А поверх всего, поверх голов и дворов, и дерев, и заборов, и лиц — сетчатая поволока белых дурманящих бутонов. Бутончиков-бубенчиков. Бубенцов.
Звенящее семя, томящее семя, семя выброшенное в свет, воплотившееся в цвете, в туго налитых шарах чуть приторможенной разгульной груди, в чуткой потаенной судороге плеч, в зове, в зыке, — в зыке, как в рыке, — в светоносном и безмолвном мычании. Откуда оно? От кого? Из чего?
— Слышишь, Мурашева?
— Ну?
— У тебя грудь колышется.
Она член нашей кафедры, эта Мурашева. Вчера еще студенткой была, сегодня — коллега. Я ее Тихомирычу сватаю. Не сватаю, а в кровать с ним уложить хочу. В постель. Оба они женаты, оба примерные супружники, оба до чертиков моральны, и потому греховная случка их кажется какой-то совершенно необоримой и сладкопакостной затеей. Она вселилась в меня, как наваждение, но и в них — тоже. В них, моральных и высоких, здоровых и чистых, тоже.
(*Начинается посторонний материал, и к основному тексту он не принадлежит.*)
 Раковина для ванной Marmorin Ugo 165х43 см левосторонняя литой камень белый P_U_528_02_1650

Мы с ней на кафедре сейчас одни.
Чопорная отчужденность столов и стен. Бесполые лики бессмертных, бестелесных портретов. Заоконный выброс весны, безнадзорный разгул зелено-белого семени. Семени-племени.
Тишина. Чревоугодие.
Я смотрю на атавистическую шерстку на ее верхней губке, на ее высокую пышную грудь, стянутую синим крепдешином, и предвкушаю радость стыдного, раскованного, развязного слова, которое вот-вот выпадет из меня и зависнет над нами осатанелой бездной желания и неги.
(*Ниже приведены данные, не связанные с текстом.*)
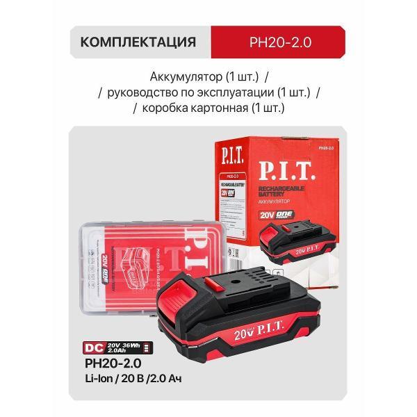 Вы можете купить Аккумулятор для электроинструмента P.I.T. PH20-2.0 в магазинах М.Видео по доступной цене. Аккумулятор для электроинструмента P.I.T. PH20-2.0: подробное описание, фото и отзывы реальных покупателей, характеристики, возможность скачать инструкции и подобрать аксессуары.

Вот оно, живое, разверзлое, скользит уже по вогнутому, слегка покатому руслу моего языка. Вот оно уже на кончике его, на самом краешке губы. Не губы, а горы, тугого мясистого отвеса — того и гляди скатится, сорвется… Я медлю, тяну, набираюсь духу и… И… Ан, нет! Стоп, братцы!
Стоп!
К литературе с уважением надо. Культурные люди. Стыдно. Стыдно-обидно, слова-то культурного для сей божественной акции в нашем языке — могучем и великом! — нету.
Свобода, свобода — ах, ах без креста! Катька с Ванькой занята. Чем занята?
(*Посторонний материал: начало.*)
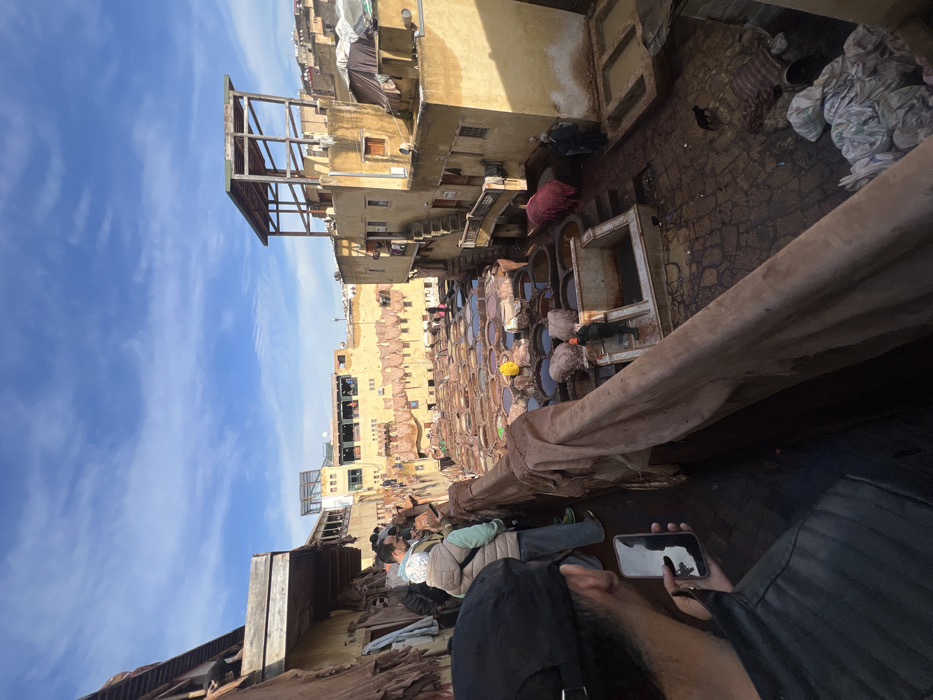 - "The image depicts an elevated view of the Chouara Tannery in Fez, Morocco, a traditional leather processing facility" by FM-aWMrL2, licensed under CC BY 4.0

— Что же все-таки было? Вы полюбились, наконец?
— Нет.
— Нет?!
— Нет.
Врет, небось. Стесняется сказать.
— Меня стесняешься?
— Ну вот еще. Будто его не знаете.
Ну как же не знать! Его-то мы как раз и знаем. Еще как знаем. Что ж ты, Тихомирыч, едриська в сиську? Что же ты?
— Что же ты, Тихомирыч, по тебе Мурашева сохнет!
Молчит. Легко не распахивается. Застегнут.
Вся эта история тянется уже где-то с хороших полгода. На прошлой неделе, по долгу заведующего кафедрой, приперся ко мне на лекцию. Уселся в первом ряду, слушал, егозил, записывал что-то.